1. (Test $1 / \mathrm{Q} 11 /$ No Calculator)
$$ \begin{aligned} &b=2.35+0.25 x \\ &c=1.75+0.40 x \end{aligned} $$
In the equations above, $b$ and $c$ represent the price per pound, in dollars, of beef and chicken, respectively, $x$ weeks after July 1 during last summer. What was the price per pound of beef when it was equal to the price per pound of chicken?
A) $\$ 2.60$ B) $\$ 2.85$ C) $\$ 2.95$ D) $\$ 3.35$ |
2. (Test $1 / \mathrm{Q} 4 /$ Calculator)
If $16+4 x$ is 10 more than 14 , what is the value of $8 x$ ?
A) 2 B) 6 C) 16 D) 80 |
3. (Test $1 / \mathrm{Q} 32 /$ Calculator)
The posted weight limit for a covered wooden bridge in Pennsylvania is 6000 pounds. A delivery truck that is carrying $x$ identical boxes each weighing 14 pounds will pass over the bridge. If the combined weight of the empty delivery truck and its driver is 4500 pounds, what is the maximum possible value for $x$ that will keep the combined weight of the truck, driver, and boxes below the bridge's posted weight limit? |
4. (Test 2/Q 3/No Calculator)
A landscaping company estimates the price of a job, in dollars, using the expression $60+12 n h$, where $n$ is the number of landscapers who will be working and $h$ is the total number of hours the job will take using $n$ landscapers. Which of the following is the best interpretation of the number 12 in the expression?
A) The company charges $\$ 12$ per hour for each landscaper. B) A minimum of 12 landscapers will work on each job. C) The price of every job increases by $\$ 12$ every hour. D) Each landscaper works 12 hours a day. |
5. (Test $2 / \mathrm{Q} 1 /$ Calculator)

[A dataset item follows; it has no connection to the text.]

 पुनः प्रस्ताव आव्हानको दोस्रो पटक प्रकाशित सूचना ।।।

A musician has a new song available for downloading or streaming. The musician earns $\$ 0.09$ each time the song is downloaded and $\$ 0.002$ each time the song is streamed. Which of the following expressions represents the amount, in dollars, that the musician earns if the song is downloaded $d$ times and streamed $s$ times?
A) $0.002 d+0.09 s$ B) $0.002 d-0.09 s$ C) $0.09 d+0.002 s$ D) $0.09 d-0.002 s$ |
6. (Test $2 / \mathrm{Q} 6 /$ Calculator)

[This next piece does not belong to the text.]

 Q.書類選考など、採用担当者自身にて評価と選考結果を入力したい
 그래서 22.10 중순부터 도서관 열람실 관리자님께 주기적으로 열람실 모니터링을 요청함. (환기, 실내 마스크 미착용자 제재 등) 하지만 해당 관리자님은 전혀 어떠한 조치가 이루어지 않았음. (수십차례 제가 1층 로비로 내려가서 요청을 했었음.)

When 4 times the number $x$ is added to 12 , the result is 8 . What number results when 2 times $x$ is added to 7 ?
A) $-1$ B) 5 C) 8 D) 9 |
7. (Test $2 / Q 8 /$ Calculator)
In a video game, each player starts the game with $k$ points and loses 2 points each time a task is not completed. If a player who gains no additional points and fails to complete 100 tasks has a score of 200 points, what is the value of $k$ ?
A) 0 B) 150 C) 250 D) 400 |
8. (Test 2/Q 32/Calculator)
If $h$ hours and 30 minutes is equal to 450 minutes, what is the value of $h$ ? |
9. (Test $3 / Q 1 /$ No Calculator)
A painter will paint $n$ walls with the same size and shape in a building using a specific brand of paint. The painter's fee can be calculated by the expression $n K \ell h$, where $n$ is the number of walls, $K$ is a constant with units of dollars per square foot, $\ell$ is the length of each wall in feet, and $h$ is the height of each wall in feet. If the customer asks the painter to use a more expensive brand of paint, which of the factors in the expression would change?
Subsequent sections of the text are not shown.